There are two vmap trees at the moment: free_area_ tree and
vmap_area_ tree. free_area_ tree uses vmap->subtree_max_size, while
vmap_area_ tree contains vmap backed by vm_struct, and thus uses
vmap->vm.
This set add a new tree, free_text_area_. This tree is different to
the other two, as it uses subtree_max_size, and it is also backed
by vm_struct. To handle this requirement without growing vmap_struct,
we introduced all_text_vm to store the vm_struct for free_text_area_
tree.
free_text_area_ tree is different to vmap_area_ tree.

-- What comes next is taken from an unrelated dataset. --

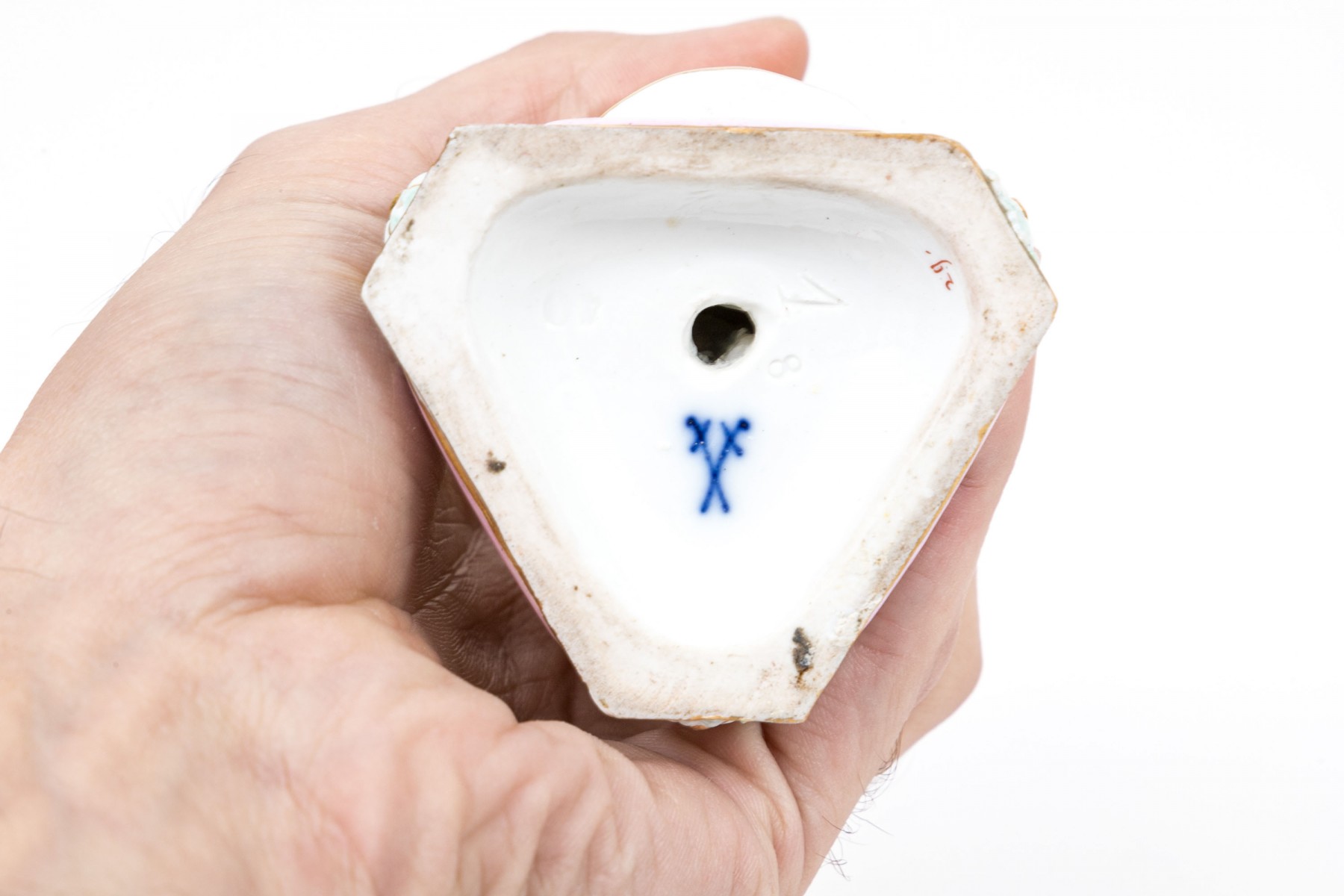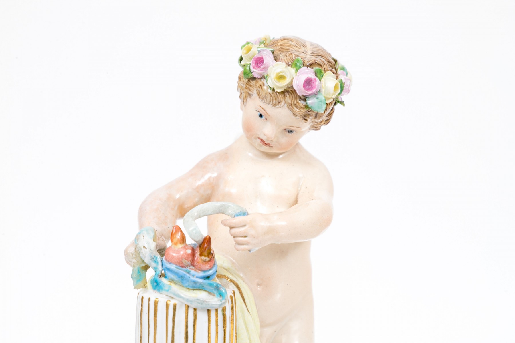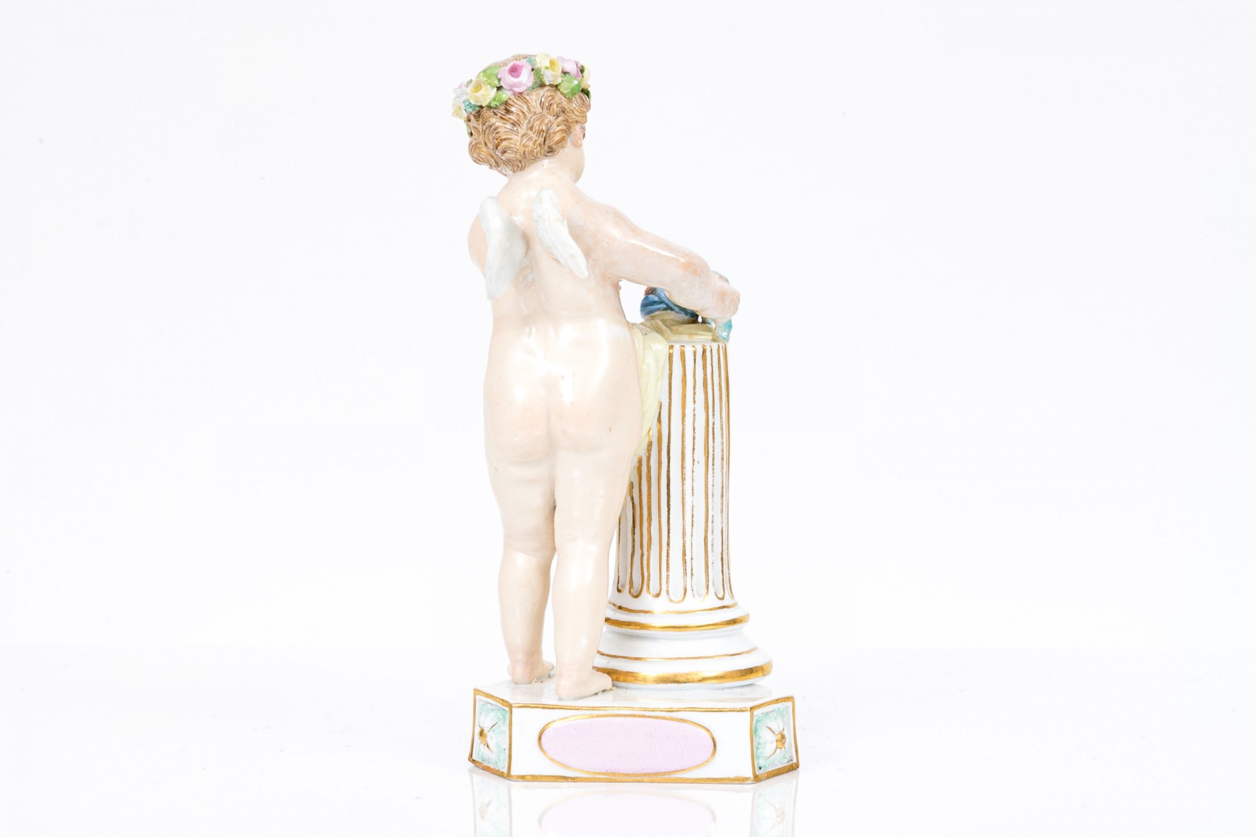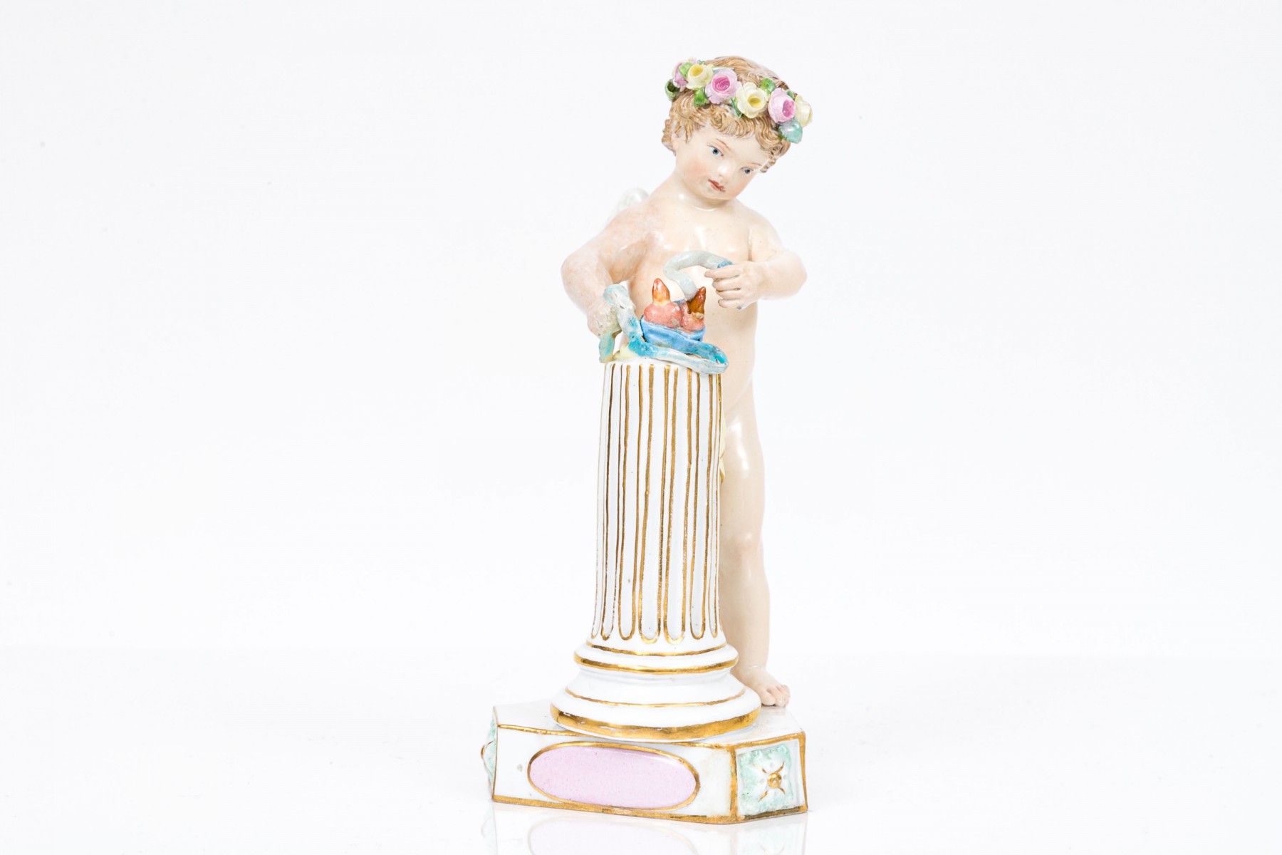 Meissen antique lovely crowned cupid and lovebirds "Te les unis." (to unite them) figure, with column and ribbon motifs
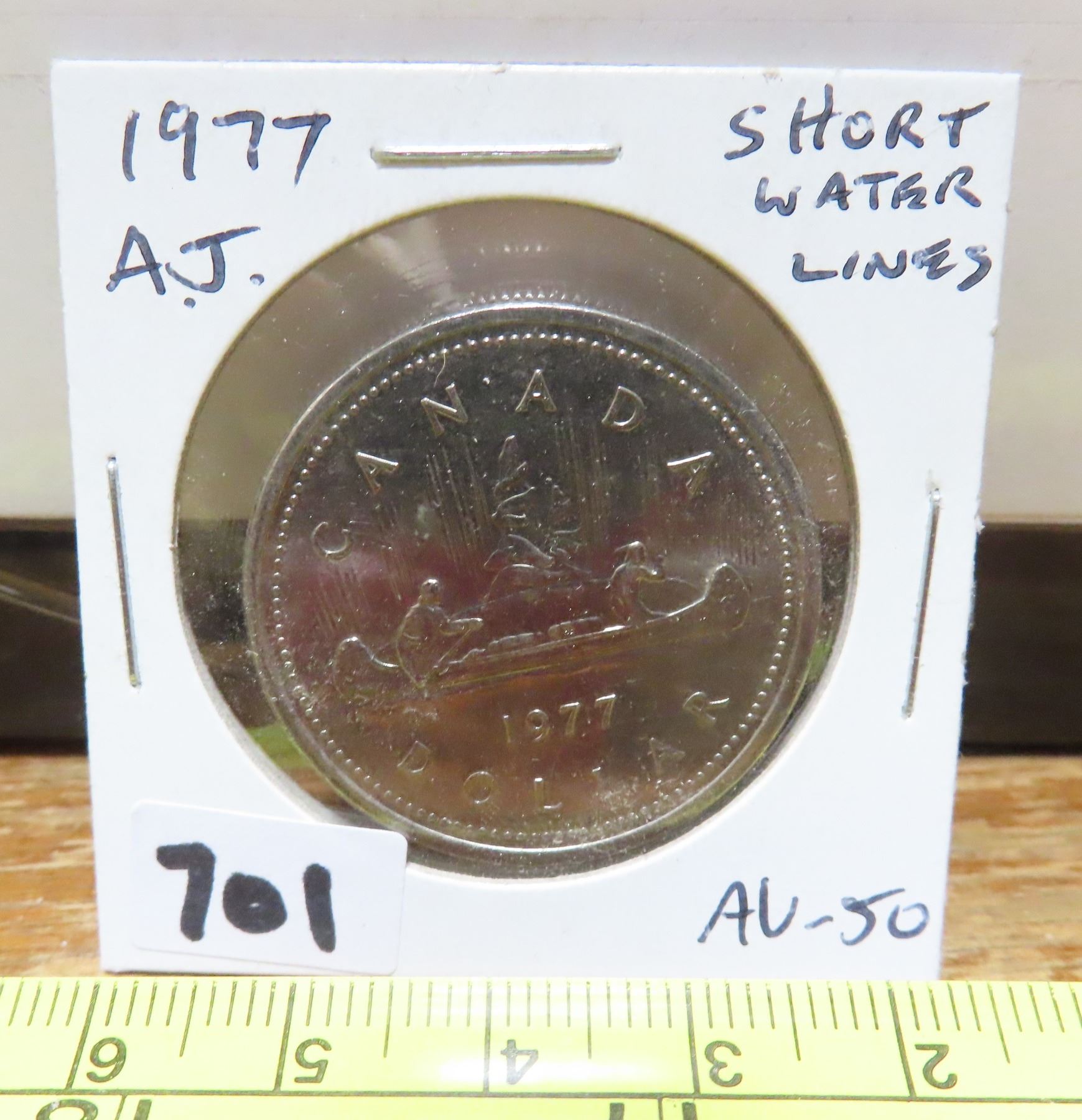 1977 Attached Jewels Short Water Lines Nickel Dollar. AU-50, Scarce variety.

Each vmap in
vmap_area_ tree has its own vm_struct (1 to 1 mapping), while
multiple vmap in free_text_area_ tree map to a single vm_struct.
Also, free_text_area_ handles granularity < PAGE_SIZE; while the
other two trees only work with PAGE_SIZE aligned memory.
Does this answer your questions?
>
>>
>>>
>>>>
>>>> Signed-off-by: Song Liu <song@...nel.org>
>>>> ---
>>>> arch/x86/mm/init_64.c | 3 ++-
>>>> mm/vmalloc.c | 24 ++++++++++++++++++++++++
>>>> 2 files changed, 26 insertions(+), 1 deletion(-)
>>>>
>>>> diff --git a/arch/x86/mm/init_64.c b/arch/x86/mm/init_64.c
>>>> index 0fe690ebc269..d94f196c541a 100644
>>>> --- a/arch/x86/mm/init_64.c
>>>> +++ b/arch/x86/mm/init_64.c
>>>> @@ -1367,12 +1367,13 @@ int __init
>>>> deferred_page_init_max_threads(const struct cpumask
>>>> *node_cpumask)
>>>>
>>>> int kernel_set_to_readonly;
>>>>
>>>> +#define PMD_ALIGN(x) (((unsigned long)(x) + (PMD_SIZE -
>>>> 1)) &
>>>> PMD_MASK)
>>>> void mark_rodata_ro(void)
>>>> {
>>>> unsigned long start = PFN_ALIGN(_text);
>>>> unsigned long rodata_start = PFN_ALIGN(__start_rodata);
>>>> unsigned long end = (unsigned
>>>> long)__end_rodata_hpage_align;
>>>> - unsigned long text_end = PFN_ALIGN(_etext);
>>>> + unsigned long text_end = PMD_ALIGN(_etext);
>>>
>>> This should probably have more logic and adjustments. If etext is
>>> PMD
>>> aligned, some of the stuff outside the diff won't do anything.
>>
>> Hmm.. I don't quite follow this comment. If the etext is PMD
>> aligned,
>> we can still use vmalloc_exec to allocate memory. So it shouldn't
>> matter, no?
>
> Maybe this doesn't matter since PMD alignment must happen naturally
> sometimes. I was just noticing the attempts to operate on this region
> between etext and start_rodata (free_init_pages(), etc). If this was
> never not PMD aligned they could be dropped. But if you are going to
> adjust the behavior for !CONFIG_MODULES, etc, then it is still needed.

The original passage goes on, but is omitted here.